• **REQUIRED ACTION**:
The entries below contain a stretch that opens with the line containing "Live to Live" and closes with the line containing "拍卖标的:深圳市龙岗区横岗街道荣德时代广场B座1107"; set down that stretch exactly, both ends included, and nothing else.

• **LISTED RECORDS**:
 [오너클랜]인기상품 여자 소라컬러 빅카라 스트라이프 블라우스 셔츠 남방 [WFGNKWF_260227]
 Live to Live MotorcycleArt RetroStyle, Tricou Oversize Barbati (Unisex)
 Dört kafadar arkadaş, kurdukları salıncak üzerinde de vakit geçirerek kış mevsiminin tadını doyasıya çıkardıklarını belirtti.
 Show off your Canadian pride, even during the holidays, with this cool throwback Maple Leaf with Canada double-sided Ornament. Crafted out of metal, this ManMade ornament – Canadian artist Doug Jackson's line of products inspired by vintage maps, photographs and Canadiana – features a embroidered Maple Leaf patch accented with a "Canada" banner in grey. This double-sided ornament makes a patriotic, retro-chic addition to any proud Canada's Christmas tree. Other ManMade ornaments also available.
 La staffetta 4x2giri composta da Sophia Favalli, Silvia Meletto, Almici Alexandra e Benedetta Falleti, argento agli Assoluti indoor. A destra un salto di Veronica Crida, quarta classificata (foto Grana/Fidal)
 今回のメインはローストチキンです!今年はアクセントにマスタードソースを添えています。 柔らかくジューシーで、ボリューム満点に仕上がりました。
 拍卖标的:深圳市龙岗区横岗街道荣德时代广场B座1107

---

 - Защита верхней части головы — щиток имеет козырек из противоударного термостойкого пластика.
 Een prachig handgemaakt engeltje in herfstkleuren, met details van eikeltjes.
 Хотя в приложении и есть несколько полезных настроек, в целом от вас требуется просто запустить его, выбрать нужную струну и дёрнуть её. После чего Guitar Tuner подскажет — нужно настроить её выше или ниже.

• **TASK SOLUTION**:
 Live to Live MotorcycleArt RetroStyle, Tricou Oversize Barbati (Unisex)
 Dört kafadar arkadaş, kurdukları salıncak üzerinde de vakit geçirerek kış mevsiminin tadını doyasıya çıkardıklarını belirtti.
 Show off your Canadian pride, even during the holidays, with this cool throwback Maple Leaf with Canada double-sided Ornament. Crafted out of metal, this ManMade ornament – Canadian artist Doug Jackson's line of products inspired by vintage maps, photographs and Canadiana – features a embroidered Maple Leaf patch accented with a "Canada" banner in grey. This double-sided ornament makes a patriotic, retro-chic addition to any proud Canada's Christmas tree. Other ManMade ornaments also available.
 La staffetta 4x2giri composta da Sophia Favalli, Silvia Meletto, Almici Alexandra e Benedetta Falleti, argento agli Assoluti indoor. A destra un salto di Veronica Crida, quarta classificata (foto Grana/Fidal)
 今回のメインはローストチキンです!今年はアクセントにマスタードソースを添えています。 柔らかくジューシーで、ボリューム満点に仕上がりました。
 拍卖标的:深圳市龙岗区横岗街道荣德时代广场B座1107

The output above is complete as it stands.